Patient Safety & Evidence
Health Literacy Is Patient Safety
Patient safety begins long before someone enters a hospital, clinic, or emergency department.
When people understand their health, they are more likely to:
Recognize symptoms earlier
Make informed health decisions
Use medications correctly
Keep up with preventive care
Seek help before problems become emergencies
Health literacy helps people stay safer.
Why It Matters
Research shows that low health literacy is associated with:
More emergency department visits
Higher hospitalization rates
Increased medication errors
Lower use of preventive care
Worse health outcomes
Health education helps close that gap by giving people the knowledge and confidence to act earlier and make safer choices.

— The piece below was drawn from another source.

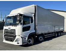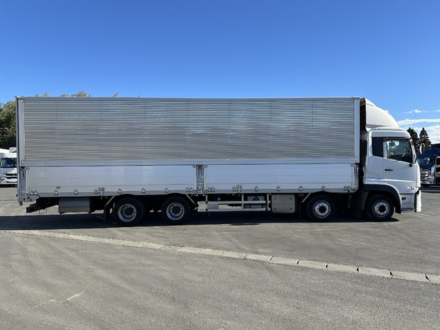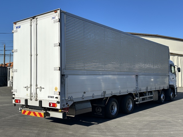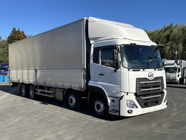 【近日入庫予定】 H30年 低床4軸 アルミウイング 内高265㎝ リアエアサス トレクス ステンレスパーツ多数 日産UD クオン- 積載

How Welfie Supports Patient Safety
Through Health Literacy
We help young people and families:
Understand health information
Recognize warning signs
Know when and where to seek care
Build confidence navigating the healthcare system
Through Trusted Messengers
We train health educators from the communities they serve so information is:
Easier to understand
More culturally relevant
More likely to be trusted
More likely to lead to action
Through Accessible Resources
The Well provides:
Multilingual resources
Youth-created content
Community-informed content
Reviewed health information
Case Study: Booster Troop
At a Glance
Audience: Children 5–11
Languages: English & Spanish
Community Participants: 60+
Runtime: 7 minutes
Focus: COVID-19 vaccine confidence
Outcome: 20% hesitant → 100% willing (small follow-up group)
Booster Troop
A community-designed health literacy project that increased vaccine confidence among participating youth.
The Problem
Children told us:
Scientists were hard to understand
Doctors felt unrelatable
Health information felt boring
They wanted people who looked and sounded like them
What We Did
Instead of creating content for children, we created it with them.
We engaged:
27 Black and Brown children
22 parents
Teachers and school leaders
Child psychologists
Misinformation experts
Healthcare professionals
Children's media experts
What Kids Asked For
Characters who looked like them
Doctors they could understand
Humor
Adventure
A talking animal
A robot or spaceship
Kids helping people
We built those ideas directly into the project.
The Result
Booster Troop
A 7-minute animated episode available in:
English
Spanish
Supported by:
Classroom materials
Family discussion tools
Community outreach activities
What We Heard
"It's funny and it teaches us important lessons."
— Student participant
"This video will help kids pass on the message to parents that are against the vaccine."
— Parent participant
Outcome
In a small follow-up focus group:
20% of participants reported vaccine hesitancy before viewing
100% said they would receive the COVID-19 vaccine after viewing
While the sample size was small, the result provided an encouraging signal that trusted, community-informed health education can influence health decisions.
Why It Matters
Vaccination is a proven patient-safety intervention.
Booster Troop demonstrated that when health information is:
understandable
relatable
culturally responsive
delivered by trusted voices
people are more likely to act on it.
Health literacy can drive safer health decisions.